Noncircular lumens with calcified and lipidous plaques. (a) Fairly normal, circular lumen. (b) Very eccentric lumen in vessel containing two calcified lesions (*). (c) Eccentric lumen with a nearly concentric lipid plaque.

We calculated the “frame lumen eccentricity” (FLE), which is a single value describing lumen eccentricity in the current frame. We also computed the “change in frame lumen eccentricity” across adjacent slices ($\mathrm{\Delta }{\mathrm{FLE}}_Z$) by comparing the current frame FLE with the FLE of each of its adjacent $\pm 3$ slices. Individual “A-line lumen eccentricity” (ALE) was determined in an effort to localize A-lines containing plaque (Fig. 3). To calculate ALE, we determined the center of mass and area of the segmented lumen. We then created a perfectly concentric circle having the same area as the lumen, centered at the center of mass. We calculated the signed distance between each A-line lumen boundary point and the corresponding circle boundary along the radius from the center of mass, giving a vector of ALE values.

Fig. 3

A-lines containing calcified/lipidic plaque tend to deviate from a circular lumen contour. A typical vessel with calcified plaques in anatomical $(x,y)$ view (1a) and (2a) and the corresponding $(r,\theta )$ view (1b) and (2b), respectively, is shown. Within these representations, A-lines containing calcifications are highlighted by a dashed yellow line placed behind the calcifications. The top row shows the nonannotated lumen, and the bottom row shows the vessel with a superimposed circular lumen boundary. Both positive and negative excursions from circularity are seen in (2b).
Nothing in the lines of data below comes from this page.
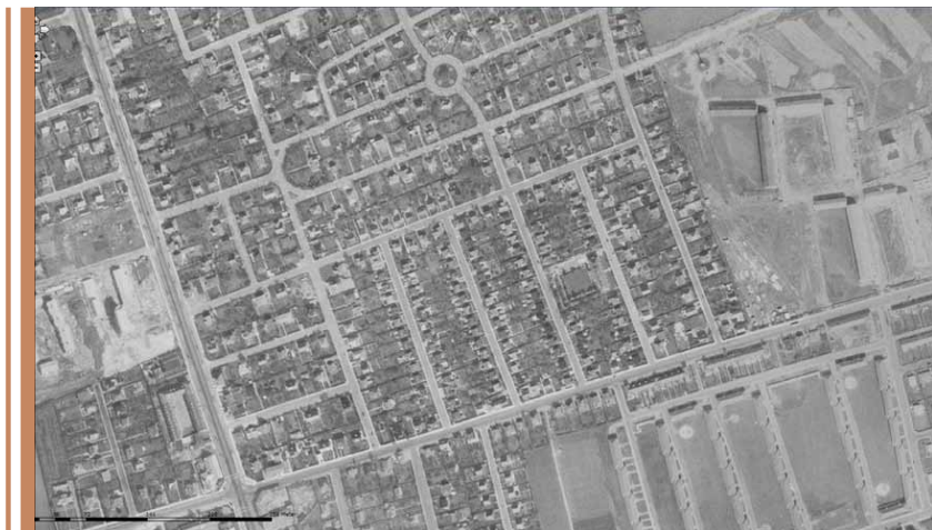
Luftfoto fra 1954. Villakvarteret omkring Klitrose Allé ses her næsten udbygget. Til venstre anes Tårnbyparken og til højre er Skottegården ved at blive bygget.

koks, der ikke var forbrændt endnu. Som tidligere nævnt benyttede min far sig af det i tiden omkring besættelsen fra 1940-1945. Hele stykket blev gennemgravet. Der blev skovlet op i en sigte, alle koksene blev sorteret fra og taget med hjem. Da jeg var blevet lidt større, kørte jeg altid med min far derhen. Jeg havde fået min egen cykel, så jeg kunne køre pænt ved siden af. Det har som oftest været lørdag eftermiddag, når min far havde fri fra arbejde. Redskaberne blev bundet til stangen på cyklen. En termokande med kaffe var med, og hos bageren i Postparken blev der købt wienerbrød.
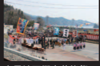
唐丹地区郷土芸能祭
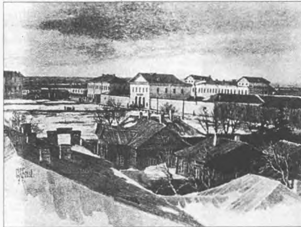
Д. Фрост. Тобольская каторжная тюрьма. Воспроизведено из книги Дж. Кеяна «Сибирь и ссылка. Путевые заметки (1885–1886.)» (СПб., 1999. Т. 2)

Не все пашенные ссылные мирились со своей долей, немало бежало дальше на север или в Дауры.
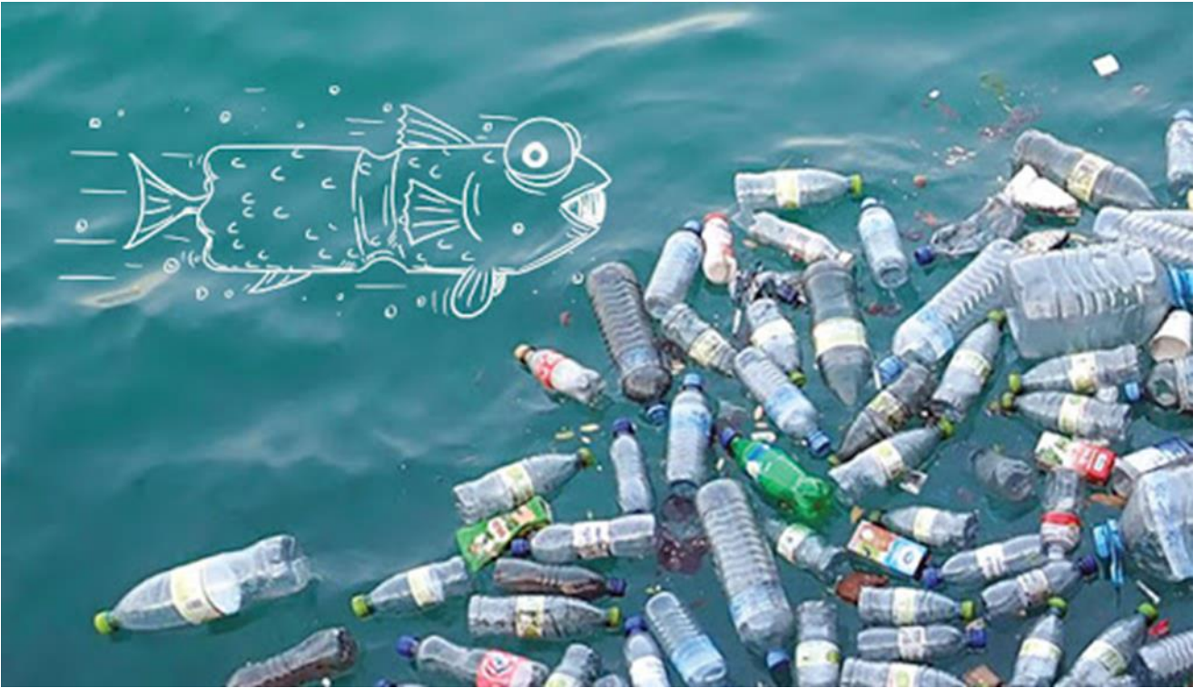
Foto 2. Raccolta plastica in spiaggia
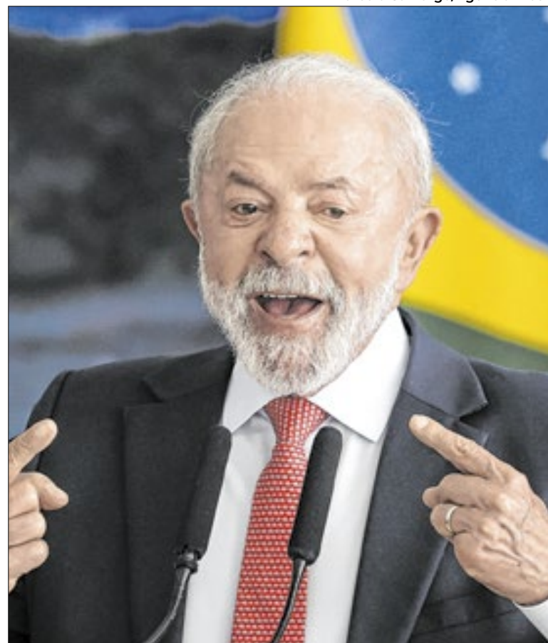
Lula vence em todos os cenários testados pela Atlas/Intel

Nesta segunda-feira (19), o deputado federal Nikolas Ferreira (PL-MG) iniciou uma caminhada em mobilização favorável ao ex-presidente Bolsonaro e contra a prisão dos envolvidos nos atos antidemocráticos. A proposta é uma caminhada de 230 quilômetros até Brasília.
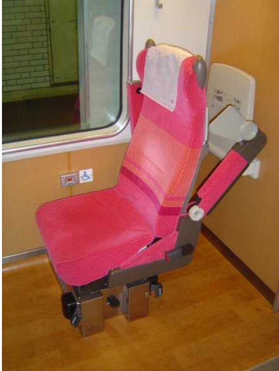
近鉄26000系「さくらライナー」の 車いす対応座席
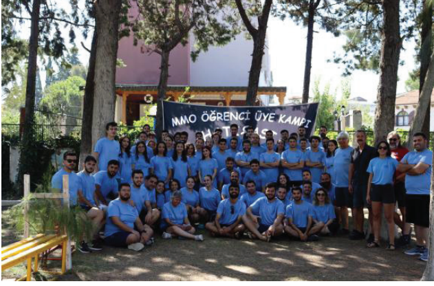
10. Oda Öğrenci Üye Kampı Gerçekleştirildi
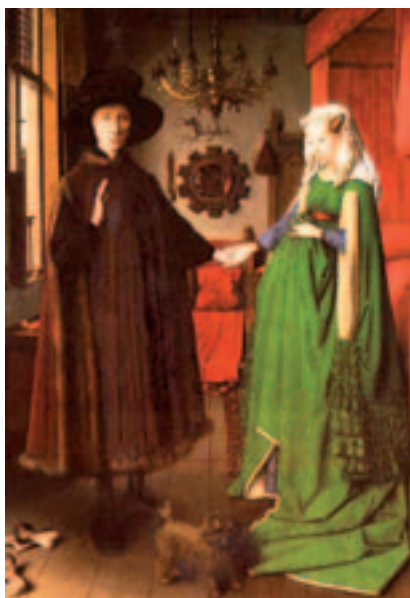
Jan van Eyck – Manželé Arnolfinioví (r. 1434). Grifonek jako symbol věrnosti.

I když městské obyvatelstvo zaujali grifonci svou přichylností, ostražitostí i zjevem, brzy začaly pokusy o posilování žádoucích znaků a potlačování těch ostatních. Plánovitý chov grifonka se datuje zhruba od roku 1880. V tomto roce získal na jedné výstavě konané v Bruselu grifonek titul Nejlepšího psa výstavy – a na světě byl bruselský grifonek. Titul znamenal zvýšený zájem o plemeno, navíc v sousedním Německu se dočasně zane-
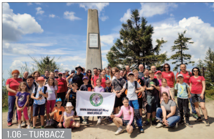
1.06 – TURBACZ
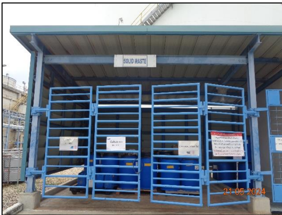
รูปที่ 3.22 อาคารรวบรวมกากของเสีย
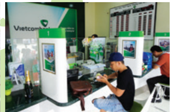
Những khách hàng đầu tiên giao dịch tại PGD Phú Vang
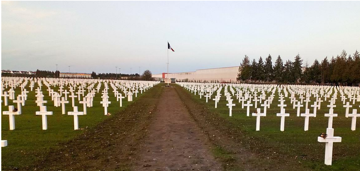
Grave located Necropole Nationale Montdidier
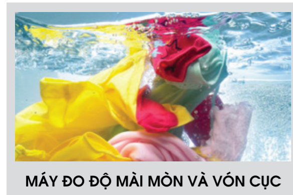
MÁY ĐO ĐỘ MỀM MÒN VÀ VÓN CỤC
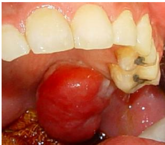
شکل ۱: نمای کلینیکی ضایعه که توده ای با سطح صاف و اریتماتوز نشان می دهد.

یک خانم ۲۵ ساله با شکایت از توده ای بدون درد در ناحیه کام سخت به مدت ۲ سال، به کلینیک دندانپزشکی
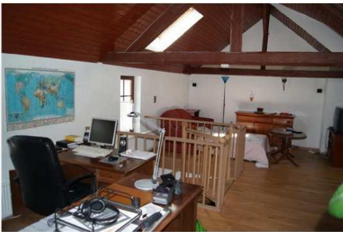
Büro Anbau 1. Stock
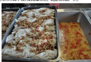
早晨6点15分，食堂师傅们就开始为大家准备早餐，7点，鲜美早点已经做好了

他们每天重复着洗菜、炒菜、打扫卫生等工作，琐碎而平淡，炎炎夏日，他们在锅炉旁忍受着高温烹制美味佳肴，寒冬腊月，他们的双手浸泡在冷水里清洗着锅碗瓢盆。食堂工作，也许是简单而平凡的，然而却是十分需要毅力和耐心的工作，要求不怕脏不怕累。平均每餐近200人吃饭，工作量实在不小，常常会忙得腰酸背痛，然而每一次来吃饭时，我们看到的却是打饭阿姨和厨师们热情的笑脸。食堂员工，平凡而可贵，是他们的用心工作保障了我们的健康生活，这是他们的一天：
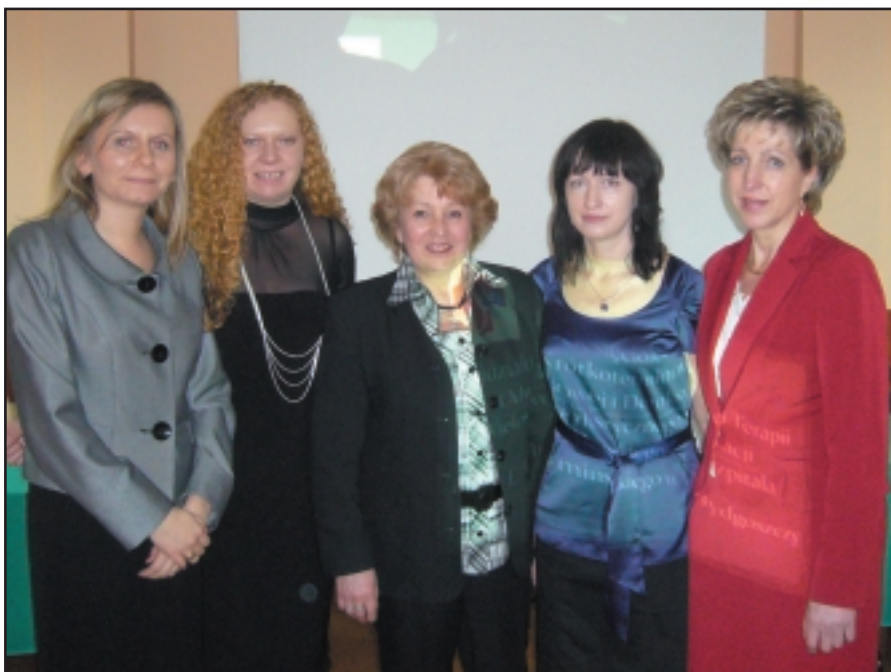
Pani Przewodnicząca wśród Pielęgniarek
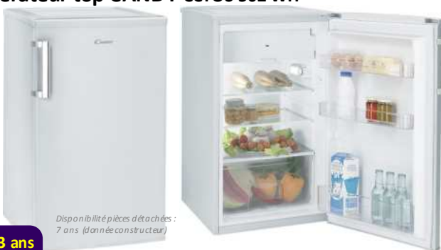
Disponibilité pièces détachées : 7 ans (donnée constructeur)

179€ Garantie 3 ans Livraison IDF 7/7 TOUT COMPRIS ! Prix magasin 219 €
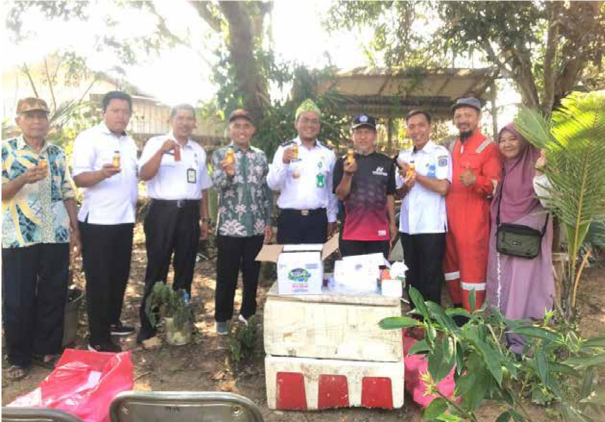
Kegiatan penghijauan pekarangan dan ternak lebah.
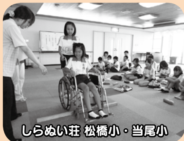
しらぬい荘 松橋小・当尾小
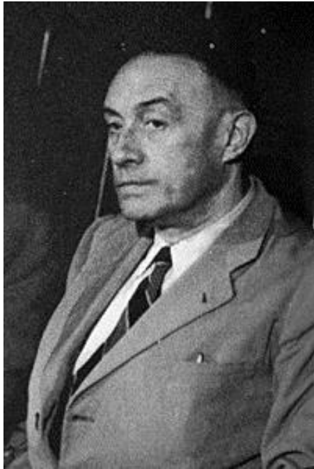
Henry de Montherlant

oooooooooooooooooooooooooooooooooooooooooooooooooooooooooooooooooooooooooooooooooooooooooooooooooooooooooooooooo
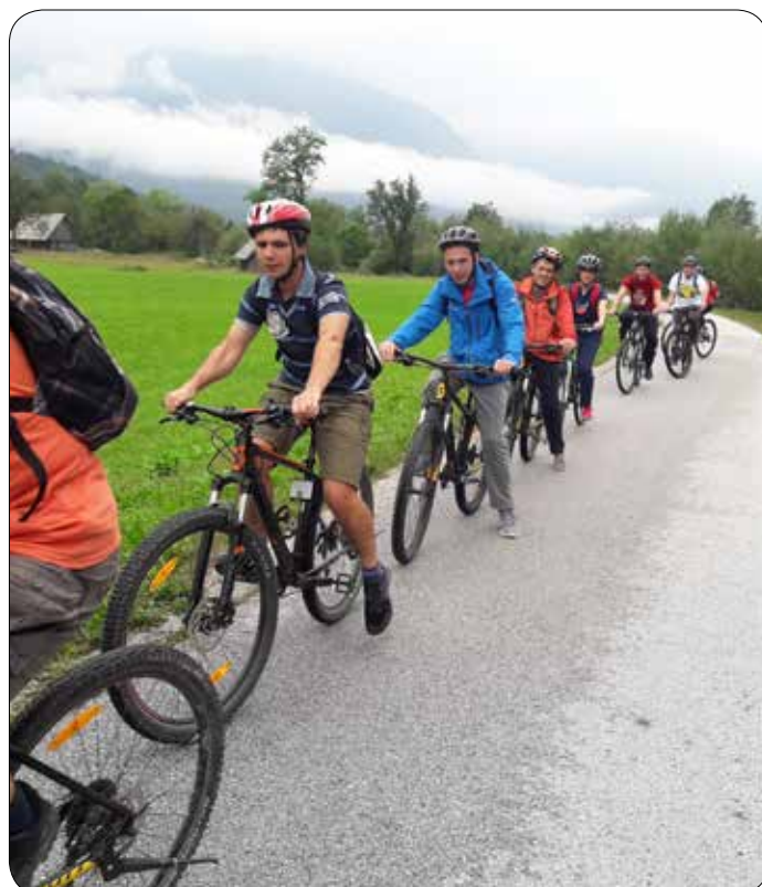
S kolesi do Bohinjske Bistrice in nazaj
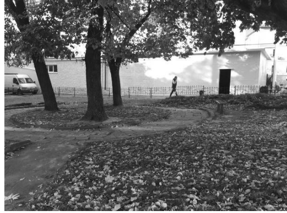
Рис. 7, 8. Площа Святого Теодора на сьогоднішній день. (13.10.2017р.)

Благоустрій площі з непривабливим дизайном та перебуває в жахливому стані: неякісне мощення, бордюри створюють бар'єр, немає відповідного покриття для велосипедів, роликів; відсутні місця для сидіння; недостатньо смітників; замало озеленення та брак ліхтарів [3].
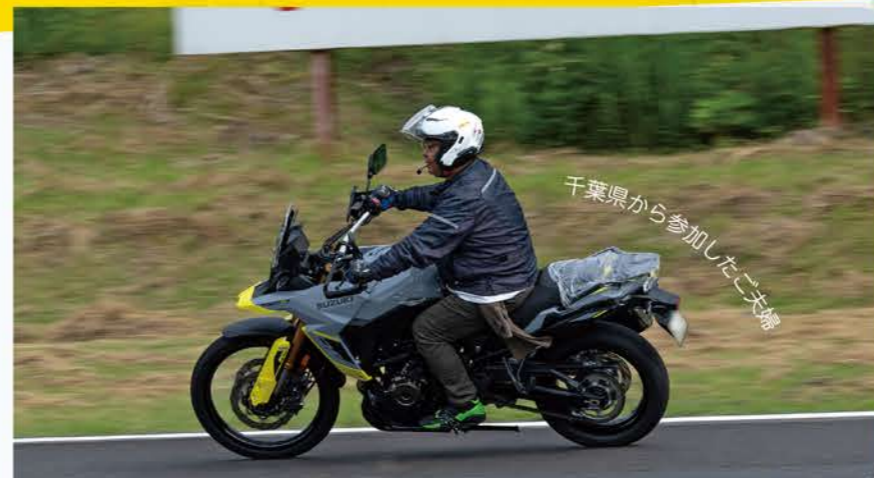
千葉県から参加したご夫婦

Because we noticed that large eccentric calcifications often resulted in a flat lumen in our dataset, we computed a best-fit line for lumen boundary points and extracted corresponding features (sum of squared residuals, goodness of fit, and line magnitude) based on the residuals between the points and the fitted line (Fig. 4). We also compared the values for the same A-line position for each frame with the values obtained from its adjacent $\pm 3$ slices. These features are summarized in Table S1 in the Supplementary Material.

Fig. 4

A linear line segment fit to the lumen border has a smaller deviation in the calcified region than in more normal tissue. Anatomical $(x,y)$ IVOCT image containing calcium plaque (*). Panels show (a) original image, (b) best-fit line using 1/8 of the points around the lumen border entered on the normal region, and (c) same line length fit to the calcified region.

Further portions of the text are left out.